# Flu Shot Learning: Predict H1N1 and Seasonal Flu Vaccines

# 1.0 Bussiness Understanding 

## 1.1 Business Overview

Vaccination is one of the most effective public health measures for preventing the spread of infectious diseases. In recent years, there has been the development of vaccines for other pandemics such as COVID-19. Vaccination not only helps individuals who have been immunised but also the community from the wider spread of the virus.

For this study, we are using data from a survey conducted in 2009 during the H1N1 influenza pandemic, also known as the "swine flu". This led to an estimated death toll worldwide in its first year of between 151,000 and 575,000. To reduce this, a vaccine was introduced in late 2009 alongside the seasonal flu that was already available.  

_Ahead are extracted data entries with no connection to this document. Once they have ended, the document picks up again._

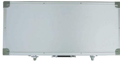
Ruggedized Aluminum Case
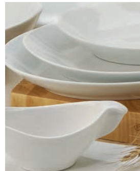
CO-13 11 1/4" x 7 3/8" 28.5 cm x 18.7 cm / 1 dz 19 lb / 8.6 kg
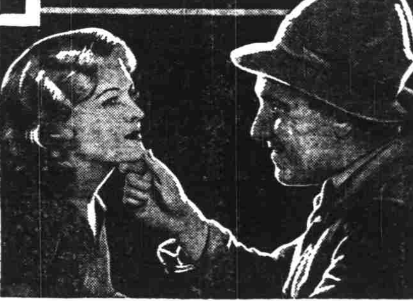
Marion Nixon and Spencer Tracy in the film feature, "Face in the Sky" now showing at the Grand.

The survey was used to understand the uptake of both vaccines. These included respondents sharing information on their health conditions, demographics, risk perception, and behaviours. By analyzing this dataset, we can better understand which factors influenced vaccine uptake. These insights can help healthcare professionals design more effective, targeted campaigns to improve vaccine acceptance and coverage in future pandemics.

## 1.2 Problem Statement

The study aims to predict whether individuals received the H1N1 and/or seasonal flu vaccines using survey data, to identify key factors influencing uptake to inform more effective public health interventions.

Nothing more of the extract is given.